Backus-Naur Form – Expressing Repetition with Recursive Production Definitions

designgrammarlanguage-agnostic

When reading grammars defined using Backus–Naur form (BNF), I've noticed that the grammars never seem to use an explicit repetition symbol, such as * or +. This is opposed to Extend Backus–Naur form however, which does seem to have explicit repetition symbols. The Wikipeida article on EBNF mentions this, specifically under the section Conventions:

  1. The normal character representing each operator of Extended BNF and its implied precedence is (highest precedence at the top):'

    * repetition-symbol
    - except-symbol
    , concatenate-symbol
    | definition-separator-symbol
    = defining-symbol
    ; terminator-symbol
    . terminator-symbol
    

Although I have studied BNF before, I've never truly understood how BNF expresses much of the functionality easily captured in EBNF, particularly repetition.
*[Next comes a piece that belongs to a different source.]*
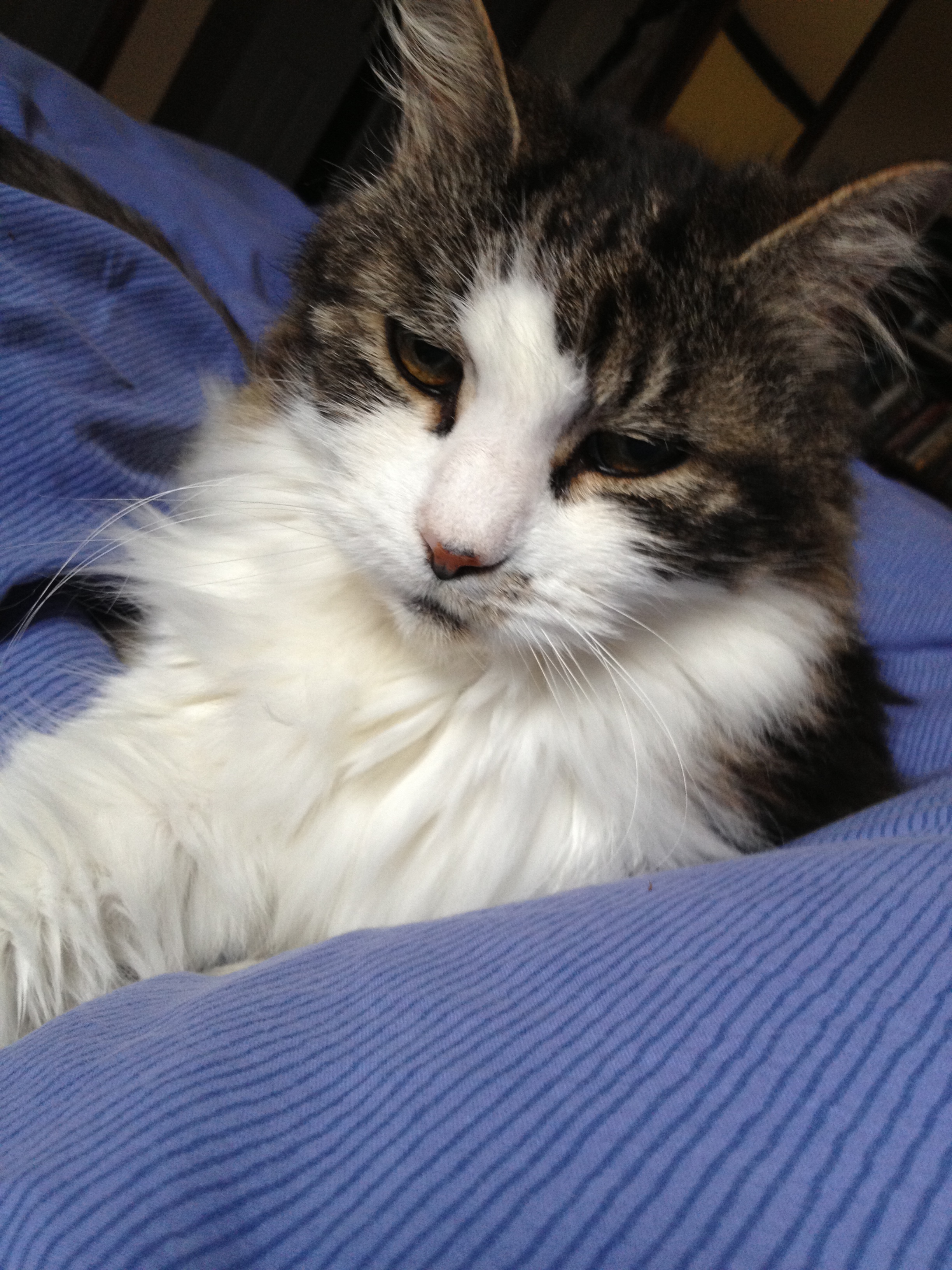 And then, last Monday evening I went upstairs to bring him down for the night and saw him sleeping on my bed. I said hello, and he didn’t purr. I knew before I looked properly that he had died: a George who didn’t purr was not George. He looked so peaceful, he must have gone in his sleep, and so recently he was still warm. I was there, holding his paw and weeping, when my husband got home and found us.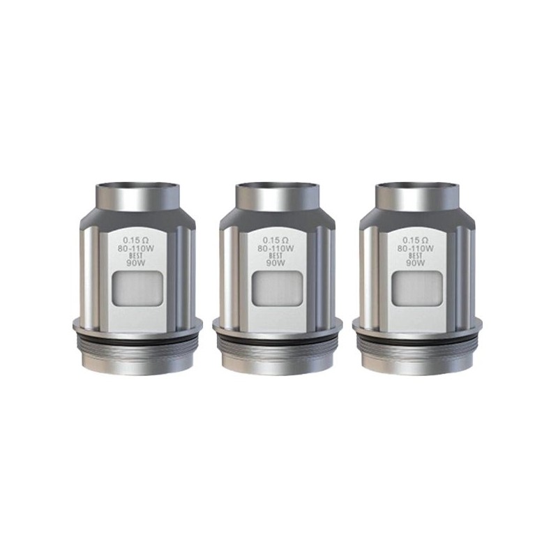 3 résistances TFV18 mini Dual Mesh de 0.15 ohm à utiliser entre 80 et 110 watts.

After observing BNF grammars more closely, I believe that repetition is captured by using recursive definitions in productions. For example:

<number> ::= <digit> | <number> <digit>;
<digit> ::= 1 | 2 ... | 8 | 9;

In the above grammar, a number is defined as "a single digit or a number followed by a digit", or in other words "one or more digits". And while the above works fine for simple repetition, it seems to become more challenging to express more complex repetition patterns. For example, take the file_input production definition from the Python (3.6) grammar:

file_input: (NEWLINE | stmt)* ENDMARKER

How exactly would the above be translated to "classic" BNF (disregarding the syntax differences) ? I'm unsure of how the above would be translated, while correctly preserving the meaning expressed.

Do BNF grammars use recursive production definitions to express repetition? If so, how does the method deal with examples like the one above?

Best Answer

EBNF and BNF are equivalent; any EBNF grammar can be converted to a BNF grammar.

For your example:

file_input: (NEWLINE | stmt)* ENDMARKER

file_input: <statements> ENDMARKER
<statements>: (<statements> (NEWLINE | stmt)) |
              empty

There are some stack overflow questions about it, but I found this helpful, especially the summary at the end.